We are annotating nodes on a hierarchical structure where NULL implied an absence of a value in this depth of the hierarchy. As a method of enforcing this view, we use constraints to make sure we only get
one combination of rows for a given node of the hierarchy (whether the
columns are integers or NULLs). I'm not suggesting this was 'correct', I'm just saying this was what we were thinking.

We considered using a flag of some description instead, however this also seemed a bit messy (although in hindsight probably far less messy than the job I now face trying to recode this table).

psql> select * from tree;
 id | depth1 | depth2 | depth3 |           name

----+--------+--------+--------+--------------------------
  1 |      1 |        |        | Name for node_id "1"

  1 |      1 |      1 |        | Name for node_id "1.1"
  2 |      1 |      2 |        | Name for node_id "1.2"

  3 |      1 |      2 |      3 | Name for node_id "1.2.3"
(3 rows)

psql> select * from leaf_node;
   id   | depth1 | depth2 | depth3 | depth4 | depth5

--------+--------+--------+--------+--------+--------
 leaf_1 |      1 |      2 |      3 |      1 |      1

 leaf_2 |      1 |      2 |      3 |      1 |      2
 leaf_3 |      1 |      2 |      3 |      1 |      3

 leaf_4 |      1 |      2 |      3 |      2 |      1
 leaf_5 |      1 |      2 |      3 |      2 |      2

(5 rows)

So, is there a generally accept method of modelling nodes in hierarchical structures (i.e. the 'tree' table in the example above) that doesn't use NULLs? We started off using ids such as '1.1.2' as the PRIMARY KEY but concatenating strings to go between columns and ids ended up being too painful. 

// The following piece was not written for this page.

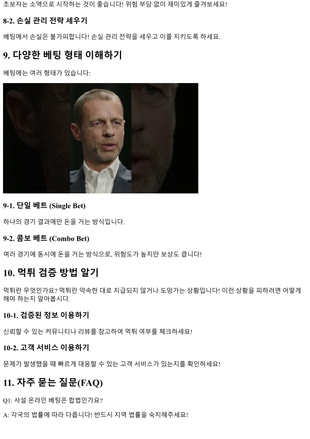 3. 초보자는소액으로시작하는것이좋습니다! 위험부담없이재미있게즐겨보세요! 8-2. 손실관리전략세우기 베팅에서손실은불가피합니다! 손실관리전략을세우고이를지키도록하세요. 9. 다양한베팅형태이해하기 베팅에는여러형태가있습니다: 9-1. 단일베트 (Single Bet) 하나의경기결과에만돈을거는방식입니다. 9-2. 콤보베트 (Combo Bet) 여러경기에동시에돈을거는방식으로, 위험도가높지만보상도큽니다! 10. 먹튀검증방법알기 먹튀란무엇인가요? 먹튀란약속한대로지급되지않거나도망가는상황입니다! 이런상황을피하려면어떻게 해야하는지알아봅시다. 10-1. 검증된정보이용하기 신뢰할수있는커뮤니티나리뷰를참고하여먹튀여부를체크하세요! 10-2. 고객서비스이용하기 문제가발생했을때빠르게대응할수있는고객서비스가있는지를확인하세요! 11. 자주묻는질문(FAQ) Q1: 사설온라인베팅은합법인가요? A: 각국의법률에따라다릅니다! 반드시지역법률을숙지해주세요!

Would it be sensible to use an ARRAY of depths as the primary key? I guess this would mean it would be possible to join 

psql> select * from tree;

  id  | depth1 | depth2 | depth3 |           name
------+--------+--------+--------+--------------------------

[1]   |      1 |        |        | Name for node_id "1"
[1,2] |      1 |      1 |        | Name for node_id "1.1"

Advice most welcome.

Cheers,

Ian

On Wed, Apr 2, 2008 at 6:48 PM, Ted Byers <r.ted.byers@xxxxxxxxxx> wrote:

--- Martijn van Oosterhout <kleptog@xxxxxxxxx> wrote:

> 'transform_null_equals' won't help you at all here

> since it only help

> in the very specific case of comparing with a

> constant. The easiest is

> to think of NULL as meaning 'unknown'. Clearly you

> can't compare that

> usefully with anything.

>

Not even a null in another record ... (hence my

question below).  If the value is unknown, then it

could be anything, and (thinking as a mathematician

considering real numbers) the probability of two

records having null having their true, but unknown

values be the same is indistinguishable from 0. (with

integers or decimal numbers or floating point numbers,

that would be qualified with the clause, for practical

purposes :)

> Perhaps you can use a marker like -1 to achieve the

> effect you want?

>

Is that really valid, though, especially in a join? I

mean, if the column in question has multiple nulls, in

each of the tables, then how do you, of the DB, figure

out which of the rows containing nulls in the one

table match up with rows in the other table containing

nulls?  Or is the resultset supposed to be the product

of the two sets (match each row with a null in the one

table with each row with a null in the other)?  That,

for me, creates a nightmare situation where some of my

tables have tens of millions of rows, and if even 1%

of the rows contains null in the relevant column, I

don't even want to think about processing the

resultset that would be produced from such an idea

using these tables.

My joins always only involve primary keys, or indeces

on columns that prohibit nulls, so this problem

doesn't crop up in my code, but would I be not too far

from right in expecting that the rational thing to do

when creating a join on columns that allow nulls is to

exclude ALL rows, in either table, where the columns

involved are null?

Cheers,

Ted